I solved point a) like this:
I apply Boyle's isothermal law P1V1=P2V2
P1(CH4)=1.45 * 10 ^ 5 Pa
V1(CH4)=2.50 dm^3
V2= 8.00 dm^3
P2(CH4)=(P1(CH4)*V1(CH4))/V2=(1.45 * 10 ^ 5 Pa*2.50 dm^3)/8.00 dm^3= 4.53*10^4 Pa

P1(O2)=2.70 * 10 ^ 5 Pa
V1(O2)= 4.50 dm^3
V2= 8.00 dm^3
P2(O2)=(P1(O2)*V1(O2))/V2= (2.70 * 10 ^ 5 Pa* 4.50 dm^3)/8.00dm^3= 1.52*10^5 Pa

P(tot)= P2(CH4)+P2(O2)=(4.53*10^4 Pa)+(1.52*10^5 Pa)= 1.973*10^5 Pa

b)
Now to calculate the molar fractions I need to know the total moles and the moles of the individual gases of the products, but I can't figure out how to get them from the information I have. I know the water vapor temperature is 100 ° C (373.15 F). Could you help me understand how to extrapolate this information? Thank you very much
The mind is like a parachute, it only works if it opens. -A. Einstein
ChenBeier
Distinguished Member Posts: 873
Joined: Wed Sep 27, 2017 7:25 am
Location: Berlin, Germany

### Re: calculation of molar fraction and pressure

Consider the vessel is 8 dm^3. In this is filled 2,5 dm^3 CH4 and 4.5 dm^3 O2 . In total 7 dm^3. 1 dm^3 is missing so we have some expansion.
of the gases. The two pressures are also different.

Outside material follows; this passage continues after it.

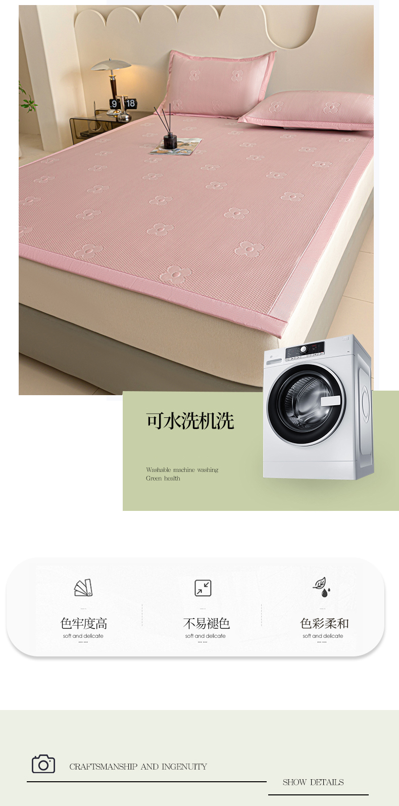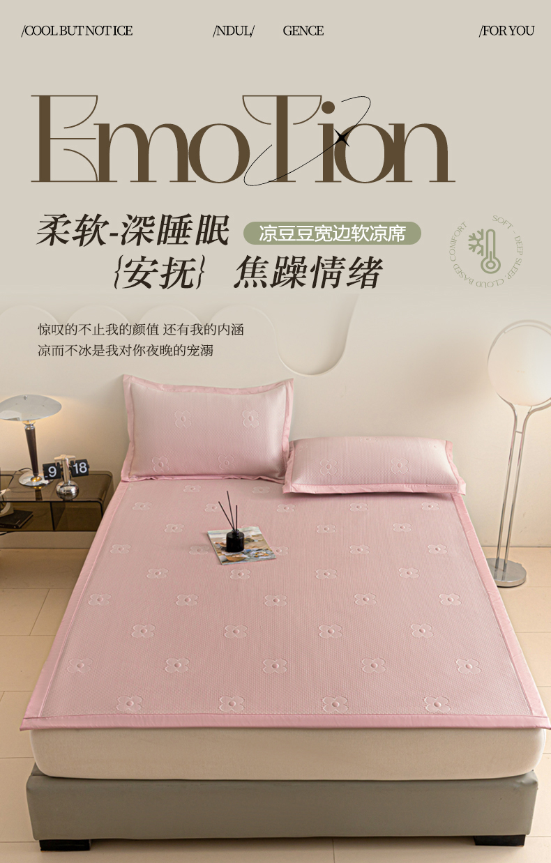 商品名称:阿亮家居 2025新款凉席凉豆豆软席床席款 四叶草-樱花粉

p1V1 + p2V2 = ptotal* Vvessel

pV ~ n. RT is constant.

From this you have to get total pressure and the partial pressures.
After burning you get new products, but what is really different , compare the moles.
anto007
Sr. Member Posts: 25
Joined: Tue Aug 10, 2021 10:13 am
Location: Italy

### Re: calculation of molar fraction and pressure

Hello, sorry if I answer you late, but there was a fire emergency, here the woods have been burning for days.
Here is my development:
P(CH4)=1.45*10^5 Pa = 1.43 atm n(CH4)= (1.43 atm*2.50 L)/(0.08206*T) = 43.6/T mol
P(O2)= 2.7.*10^5 Pa = 2.66 atm n(O2) = (2.66 atm*4.5 L)/(0.08206*T) = 146.1/T mol
n tot = 189.6 mol
CH4 (g) + 2O2 (g) -> CO2 (g) + 2H2O (g)
43.6/T 146.1/T 0 0
-43.6/T -87.2/T +43.6/T +87.2/T
0 58.9/T 43.6/T 87.2/T
n tot =189.6/T
X(O2) = (58.9/T)/(189.6/T) = 0.311
X(CO2) = (43.6/T)/(189.6/T) = 0.230
X(H2O) = (87.2/T)/(189.6/T) = 0.460

Ptot= (189.6*0.08206*T)/(T*8) = 1.95 atm = 1.97*10^5 Pa
P(O2) = 0.311*1.97*10^5 Pa = 6.13*10^4 Pa
P(CO2) = 0.230*1.97*10^5 Pa = 4.53*10^4 Pa
P(H2O) = 0.460*1.97*10^5 Pa = 9.06*10^4 Pa
The mind is like a parachute, it only works if it opens. -A. Einstein
ChenBeier
Distinguished Member Posts: 873
Joined: Wed Sep 27, 2017 7:25 am
Location: Berlin, Germany

### Re: calculation of molar fraction and pressure

I am really sorry to hear that a fire is close to your place. This planet is dying.